India was hit with ferocity on 26/11, 2008. The country’s Parliament was stormed on 13/12, 2001. Unit after unit of Pakistan’s Northern Light Infantry infiltrated the heights of Kargil in 1999. Srinagar’s assembly faced a determined suicide attack in 2000, a few months after it released Maulana Masood Azhar in Kandahar. Attack after attack has been met with a lot of rhetoric. Committees have been set up and pledges to refurbish the security apparatus have been made in earnest, but the frightening postscript is simply this — we will be hit again.

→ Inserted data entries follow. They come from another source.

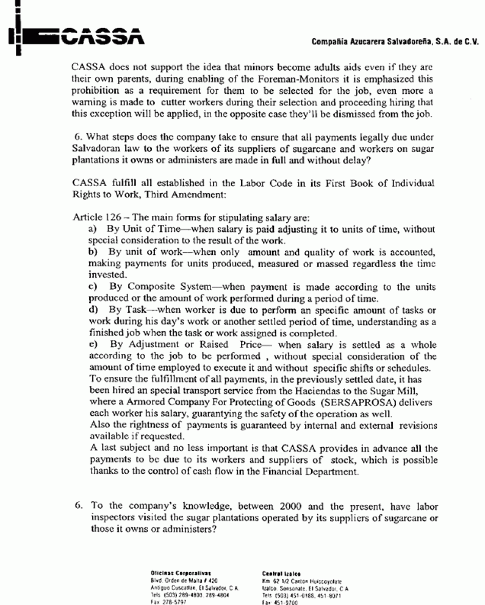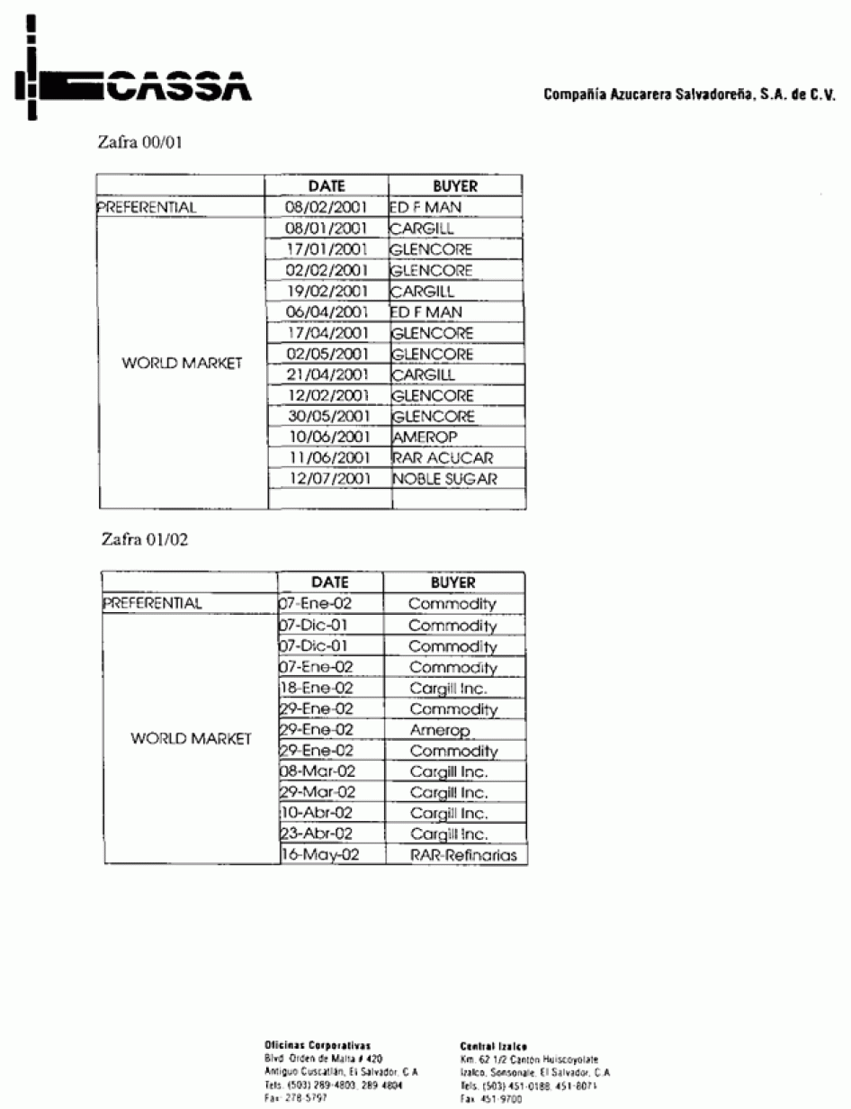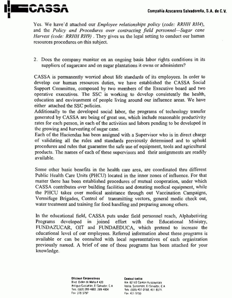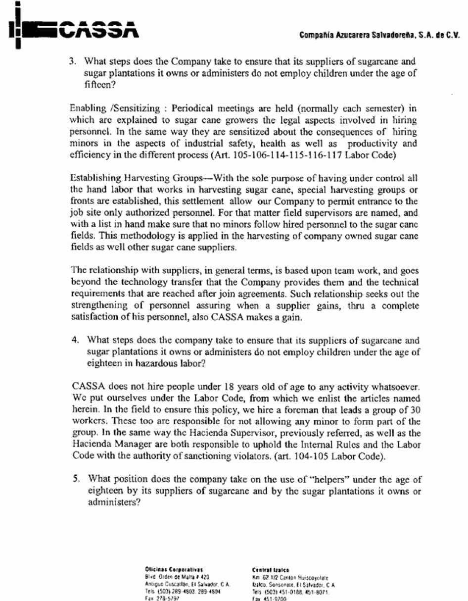[229] Véase carta de Juan Eduardo Interiano, gerente general, Compañía Azucarera Salvadoreña, S.A. de C.V., a Michael Bochenek, consejero, División de Derechos del Niño, Human Rights Watch, 12 de noviembre de 2003, pp. 5-7.  Human Rights Watch escribió a cada una de estas compañías multinacionales pidiéndoles confirmación de esta información.   Véase carta de Michael Bochenek, consejero, División de Derechos del Niño, Human Rights Watch, a Amerop Sugar Corp., 22 de marzo de 2004 (DHL Waybill No. 9148976734; recibida el 24 de marzo de 2004, 10:22 a.m., por A. Oliva); carta de Michael Bochenek, consejero, División de Derechos del Niño, Human Rights Watch, a Warren R. Staley, presidente y director ejecutivo, Cargill, Inc., 22 de marzo de 2004 (DHL Waybill No. 9148976756; recibida el 24 de marzo de 2004, 8:38 a.m., por V. Koosman); carta de Michael Bochenek, consejero, División de Derechos del Niño, Human Rights Watch, a Willy R. Strothotte, presidente, Glencore International AG, 22 de marzo de 2004 (DHL Waybill No. 7845587271; recibida el 24 de marzo de 2004, 9:38 a.m. por Beeler); carta de Michael Bochenek, consejero, División de Derechos del Niño, Human Rights Watch, a Peter B. Griffin, presidente, Louis Dreyfus Corp., 22 de marzo de 2004 (DHL Waybill No. 9148976745; recibida el 23 de marzo de 2004, 10:07 a.m., por J. Edo); carta de Michael Bochenek, consejero, División de Derechos del Niño, Human Rights Watch, a Tohru Tsuji, presidente, Marubeni Corp., 22 de marzo de 2004 (DHL Waybill No. 7845587260; recibida el 24 de marzo de 2004, 4:58 p.m. por Kataoka).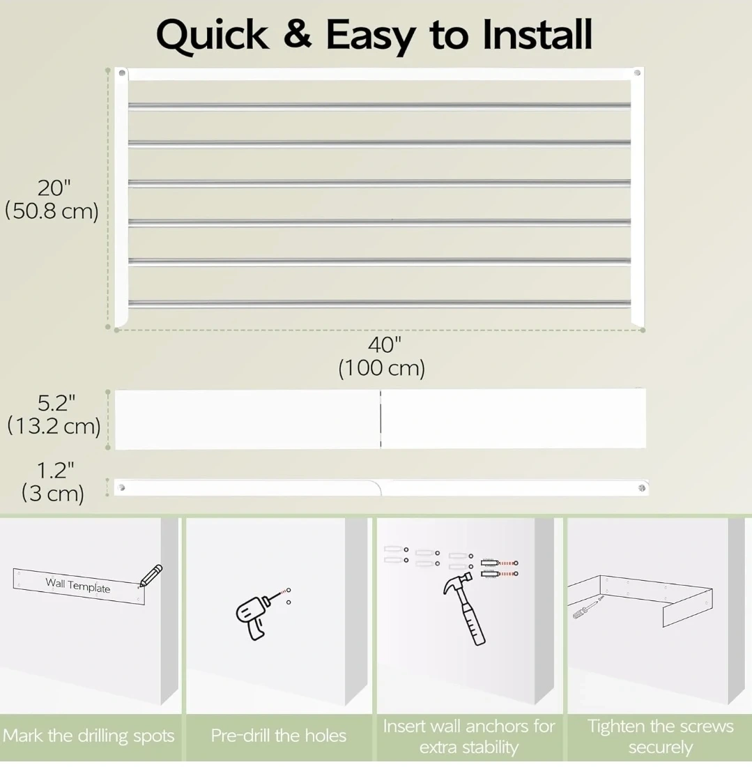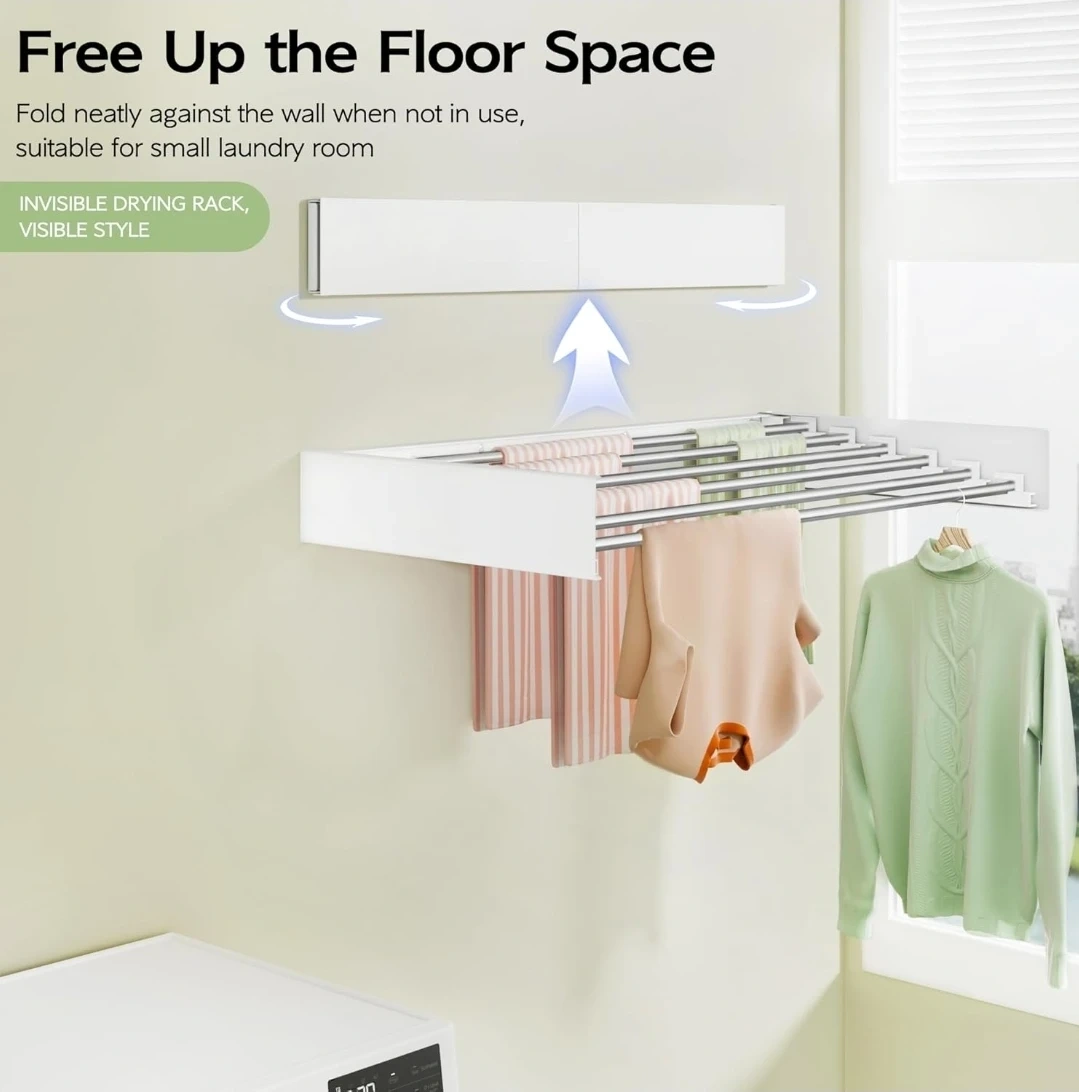 This wall-mounted clothes drying rack holds up to 60 pounds. It features thick stainless steel rods that won't sag, warp, or rust. It folds neatly against the wall when not in use, freeing up floor space. It's suitable for bathrooms, laundry rooms, or even outdoors!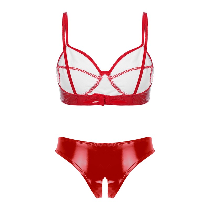 Womens Glossy Patent Leather Lingerie Set Underwear Bra Tops with Open Crotch High Cut Briefs.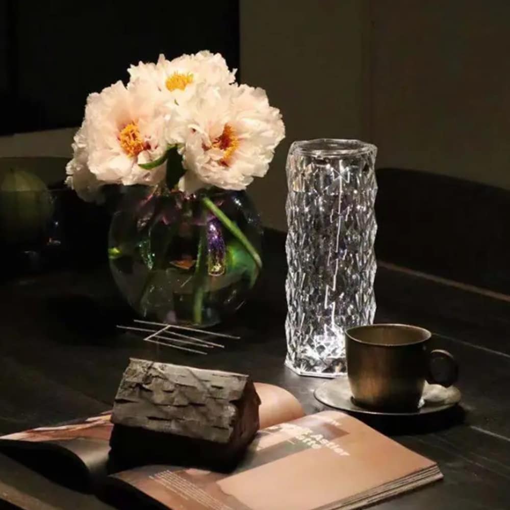 Touch bordlampen har et flot og simpelt diamant design når den er slukket og et farverigt og levende lys der projekteres ud i et flot og smukt mønster, når den er tændt. En stilfuld lampe i akryl som du kan dekorere dit soveværelse, stuen, gangen eller børneværelset med og som skaber en hyggelig, behagelig og romantisk atmosfære når den står der og lyser.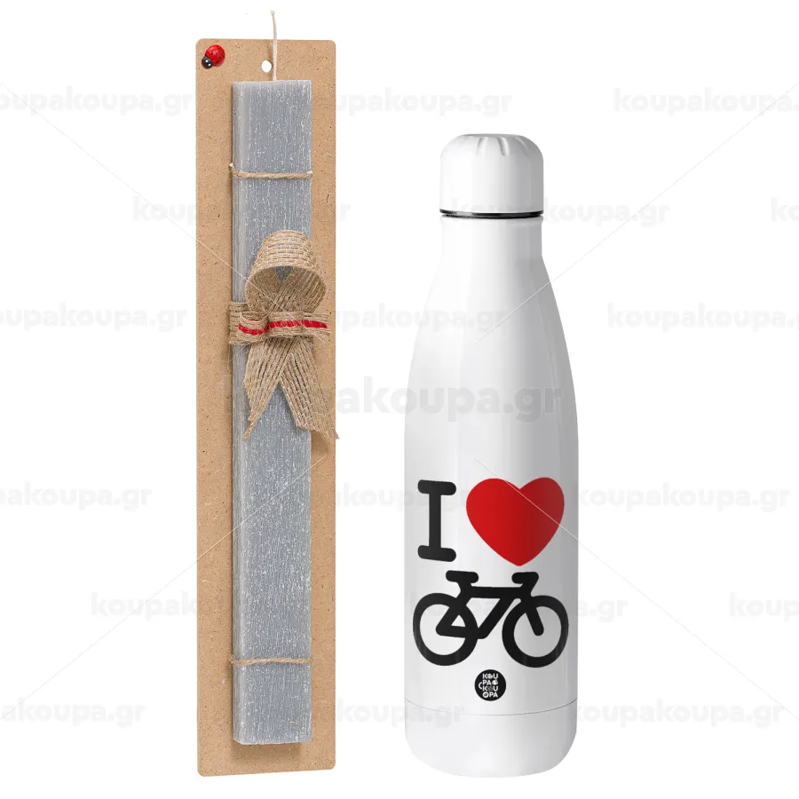 I love Bike, Easter Set, metallic stainless thermos bottle (500ml) & scented flat Easter candle (30cm) (GRAY)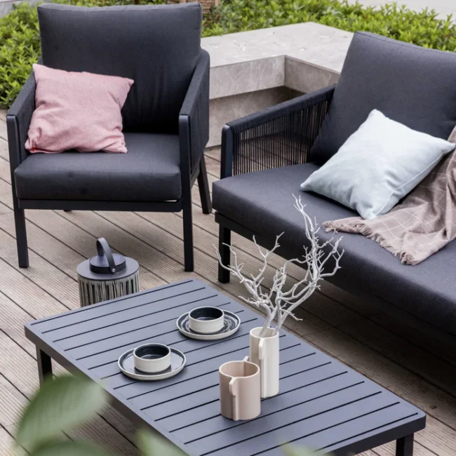 Marcela Outdoor Sofa Set 3 Seater, 2 Single seater and 1 Center Table Set (Grey) Braided & Rope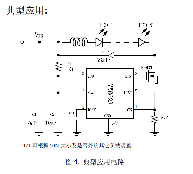YX6623通过调节外置电流检测电阻的阻值来设置流过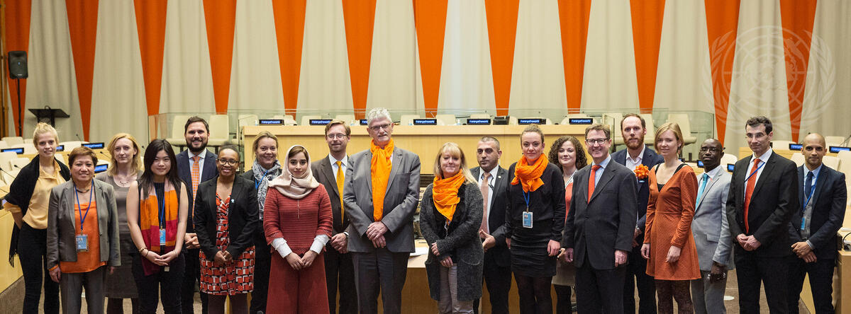 Mogens Lykketoft (centre left), President of the seventieth session of the Assembly, poses for a group photo with participants on the occassion of the International Day for the Elimination of Violence against Women.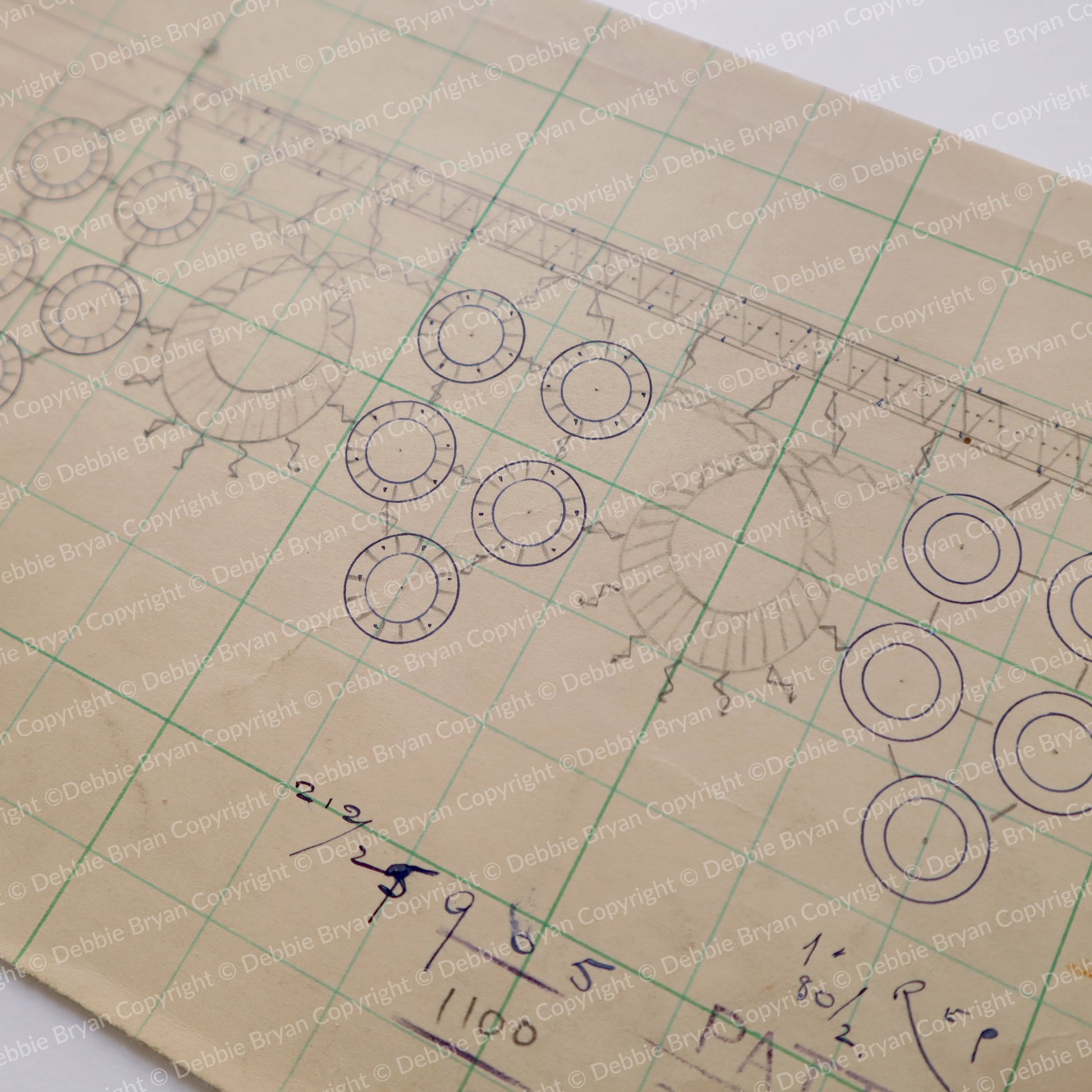 This is a hand illustrated design that may have notations, folds in the paper and markings that show industrial usage.
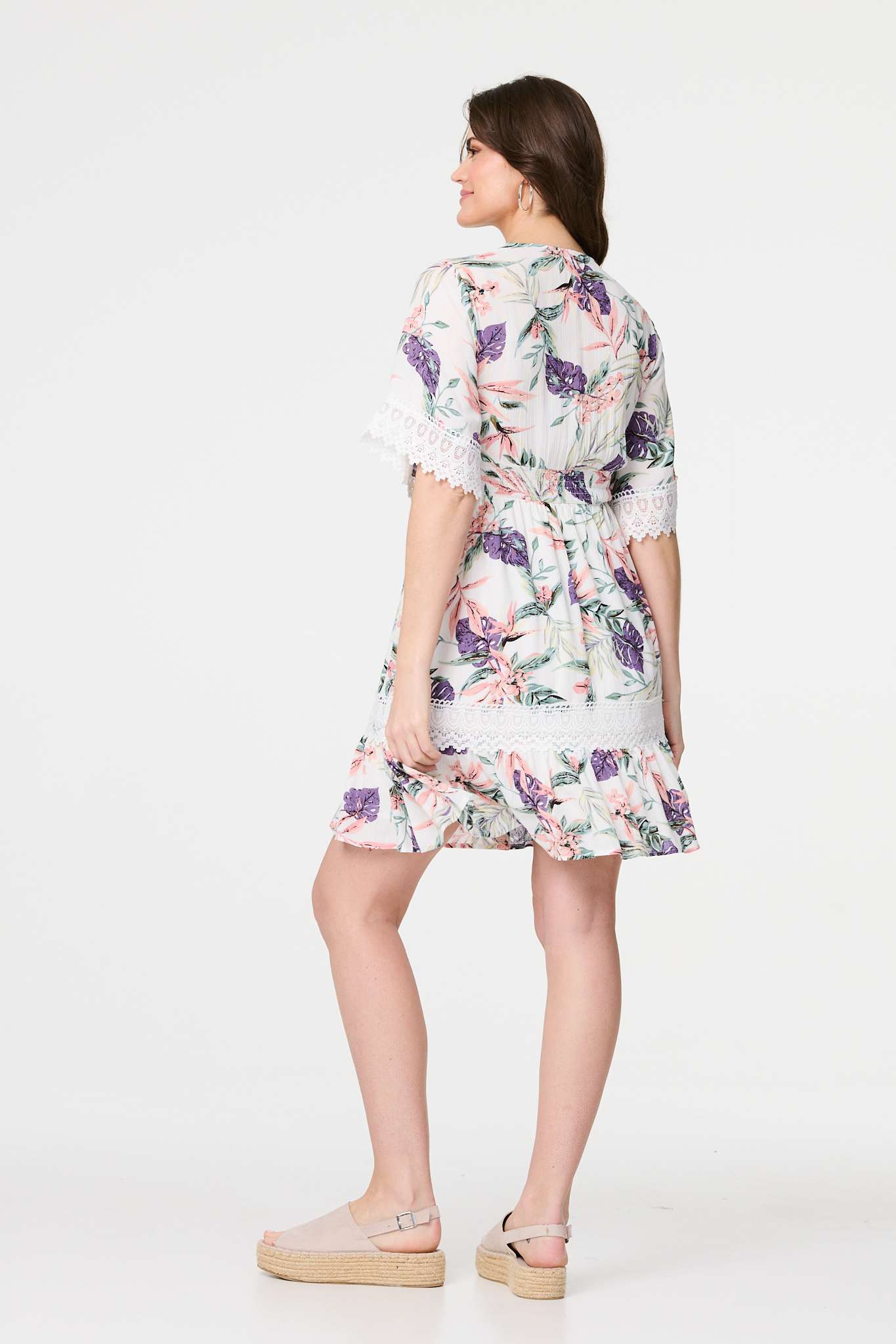 Leaf Print Lace Trim Short Dress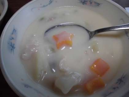 給食室からは「卒業おめでとうにんじん」をチャウダーにしのばせました。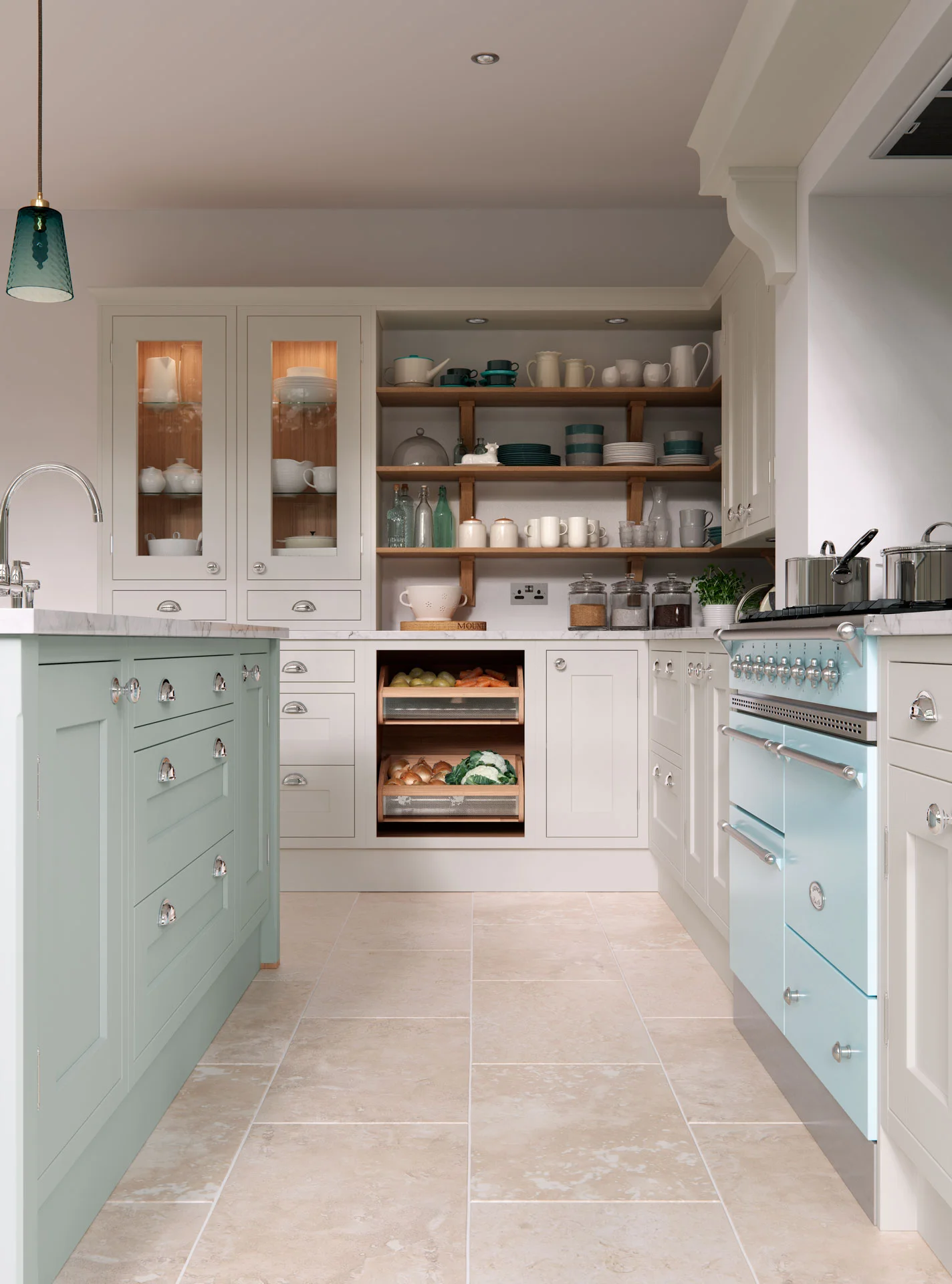 Using the modern Matt Dark Blue colour and rounded cupboards on an island bring this traditional kitchen style into the modern day. When used with a surround of traditional tiles underfoot, the island holds a solid and striking presence in this kitchen.

26/11 was the seventh attack this year alone. India will be hit again. For those who find this alarming, examine this:
• A comprehensive securitY review was ordered after close to 600 soldiers died securing the heights of Kargil. A taskforce on border management had then, in the year 2000 warned, “The long coastline with its inadequate policing makes it easy to land arms and explosives at isolated spots on the coast.” In January 2005, a coastal security scheme was formulated for enhancing security by strengthening infrastructure for patrolling and surveillance of the coastal areas. The Home Ministry’s own website says, “The scheme envisages setting up of coastal police stations, outposts and check-posts in the coastal areas for strengthening surveillance and patrolling of the coastal areas.” The scheme was approved in January 2005 for implementation in five years from 2005-06 with an approved outlay of Rs 550 crore. Till date, only Rs 13 crore have been released. Maharashtra specifically has got only Rs 2 crore of the Rs 40 crore outlay approved for the scheme. A Home Ministry official admits that there are negligible patrol stations functioning. Close to four years after the approval of the scheme, even the Intelligence Bureau, which was to get nine patrol boats, is still waiting for the first one to arrive.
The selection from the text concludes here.